The problem was I couldn't read this. I was never a soldier and I'd never been to war, but the fear and paralyzing uncertainty that these stories held dug up raw wounds in my mind and every class I'd have to lean down and pretend to grab something from my book bag as I teared up. It was humiliating, I had no idea why no one else was experiencing this. Why it had to affect me so deeply. I told myself everyday, 'I hate this author, I hate this book. I hate reading it.'
So I told my school counselor that I was struggling and I needed her to tell my teacher I just couldn't read this book. It would put such a terrible feeling in my chest and I would freeze up as if there was a gun to my head. She told me, 'There's no way around it, just finish the assignments and talk to your therapist about it.'
Which was messed up, now that I remember. Of course back then I couldn't fight her. So I went back to class the next day and we had to write several paragraphs on a few chapters. I thought maybe I could skim them over and make something up, just spit words onto the page and get it over with.

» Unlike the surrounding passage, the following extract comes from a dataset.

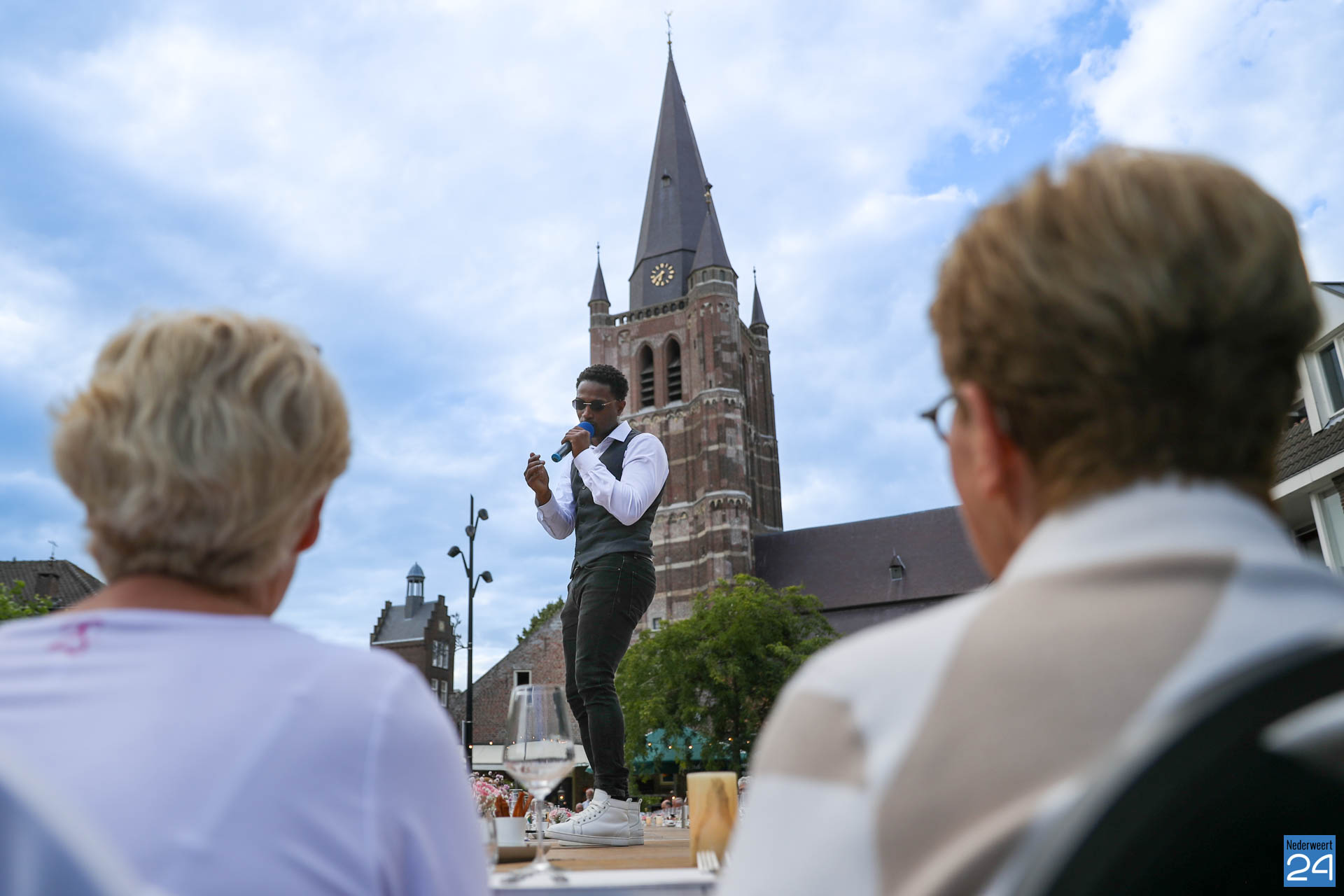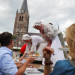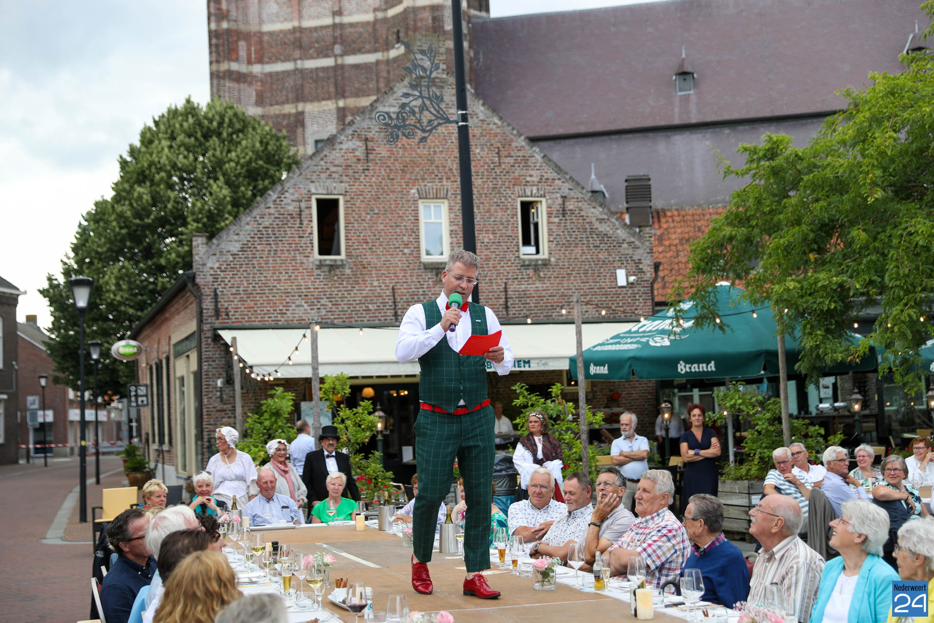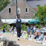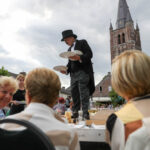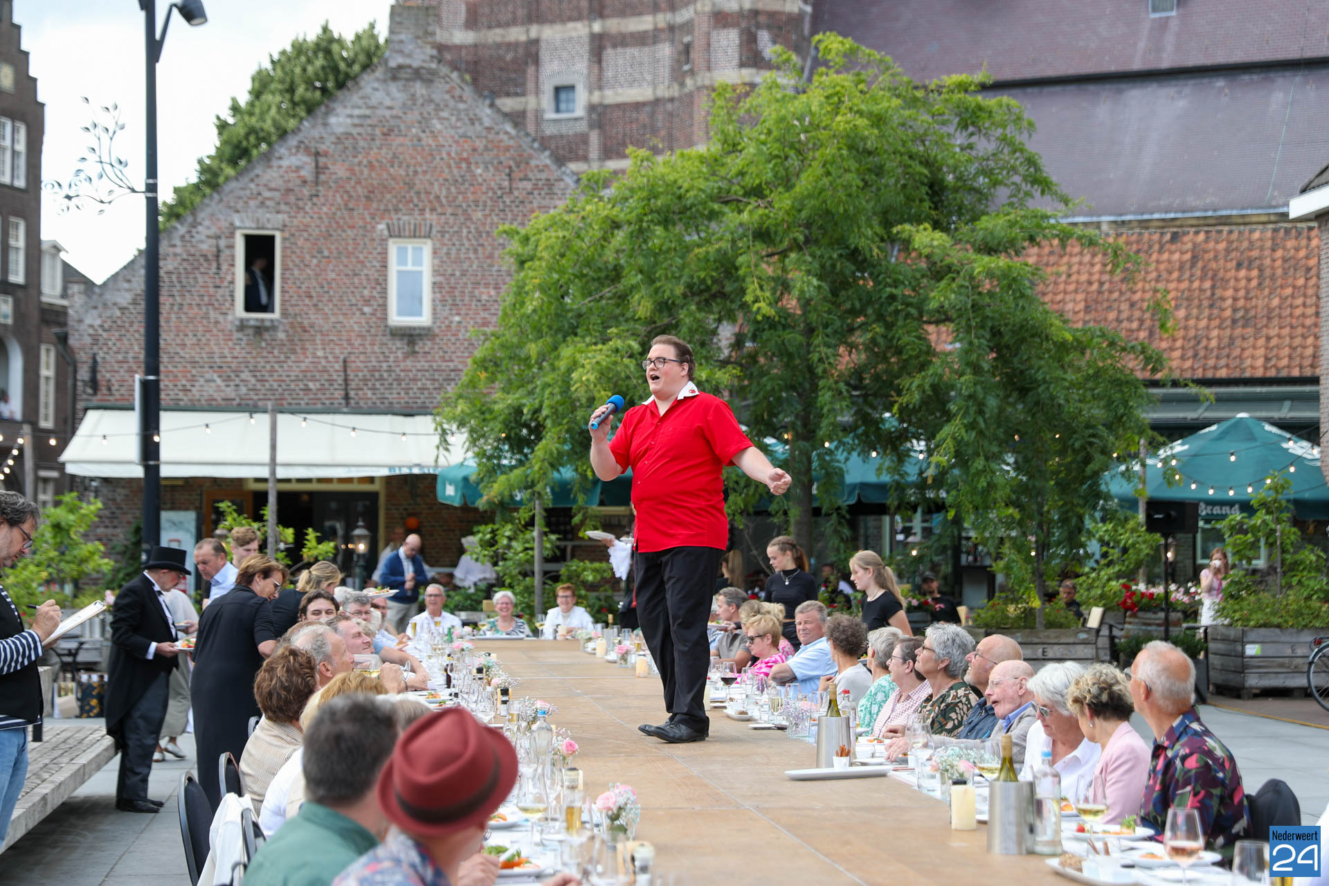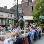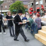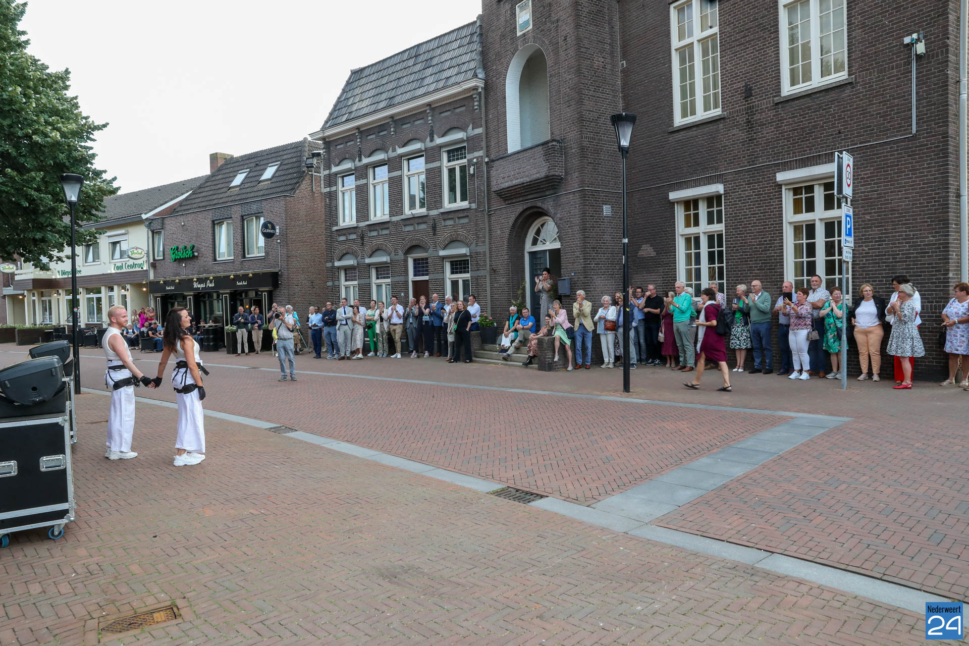 Zo’n 130 gasten schoven tijdens deze mooie zomeravond aan voor een heerlijk diner. Onder hen twee gedeputeerden van de Provincie Limburg: Jasper Kuntzelaers (o.a. Cultuur & Erfgoed) en Michael Theuns (o.a. Ruimte & Wonen). Zij werden welkom geheten door burgemeester Op de Laak. Tussen de dinergangen door werden de aanwezigen verwend met muzikale en theatrale optredens van verschillende gezelschappen. Rap, dans, klassiek en operazang, toneelspel en een karikatuurtekenaar. Het gebeurde allemaal op het Lambertushof. Veel applaus was er ook voor presentator Bjorn Smits die enkele malen voordroeg uit een verloren gewaand dagboek van de Lambertustoren.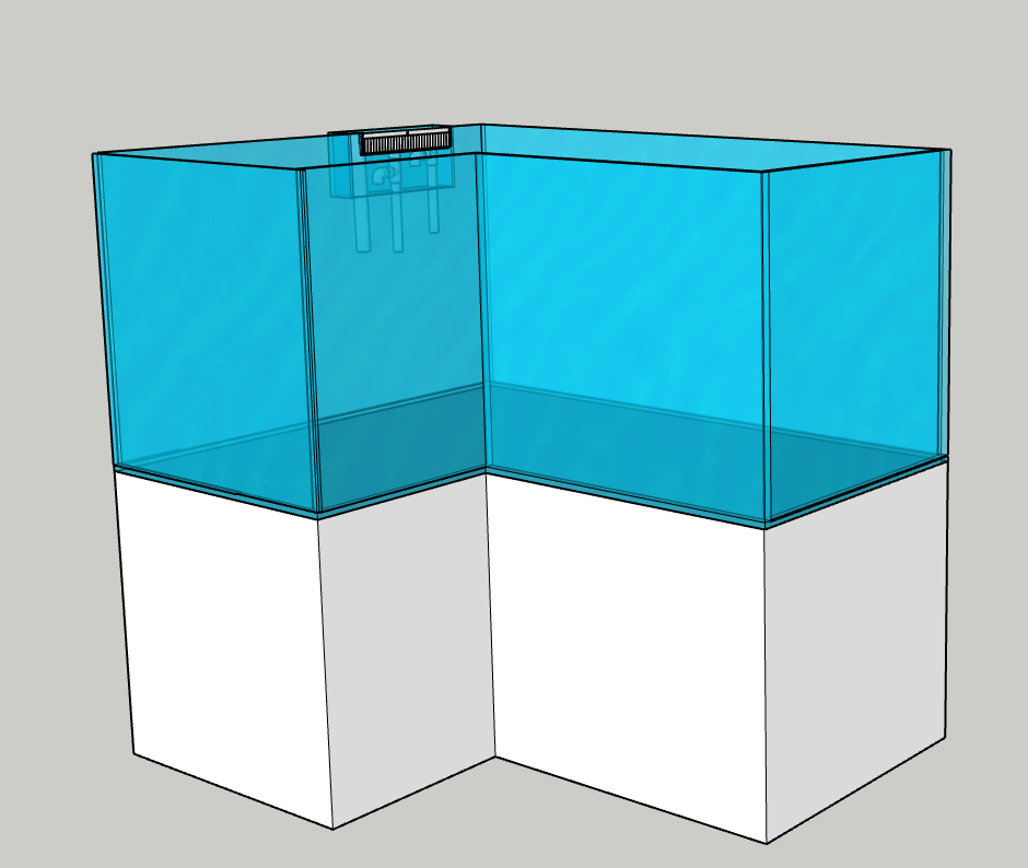 Suunnitelmissa olisi ala-allas, joka sijoittuisi akvaarion alapuolelle. Olen lukenut netistä erilaisista ylivuotolaatikoista ja vaihtoehtoja tuntuu olevan todella paljon! Coast to coast, ghost jne. Ylivuoto minun suunnitelmissani olisi kiinteä ja akvaarion ulkopuolinen, seinän puoleiselle sivulle tuota ajattelin mutta jos toiselle puolelle sijoittaisin sen niin se pitäisi sitten laittaa sisäpuolelle.Akvaarion ja seinän välissä tuolla puolen olisi noin 23 cm tilaa ulkoseinän vuoksi ja huoltoja ajatellen, mutta onko tuo etäisyys liian pieni järkevään toimimiseen? Akvaarion alapuolelle tehtävät poraukset hiukan hirvittävät, minusta olisi turvallisempaa laittaa poraukset yläosaan sivulle tai aivan yläkulmaan kuten kuvissa. Toivoisin ala-altaista ja ylivuodoista enemmän tietäviltä (ja muiltakin) kommentteja suunnitelmieni järkevyydestä.

Obviously, my mind wouldn't let me. The chapter called, The Man I Killed was one we had to read that day. That's exactly what happened, Tim killed for the first time and stood silently staring for a very long time. He was paralyzed and as I sat at my desk, I could feel it. I had never killed and I never wanted to, but the descriptions he wrote just wouldn't end and the prickling dread reached it's hands out of the pages and took me by my throat.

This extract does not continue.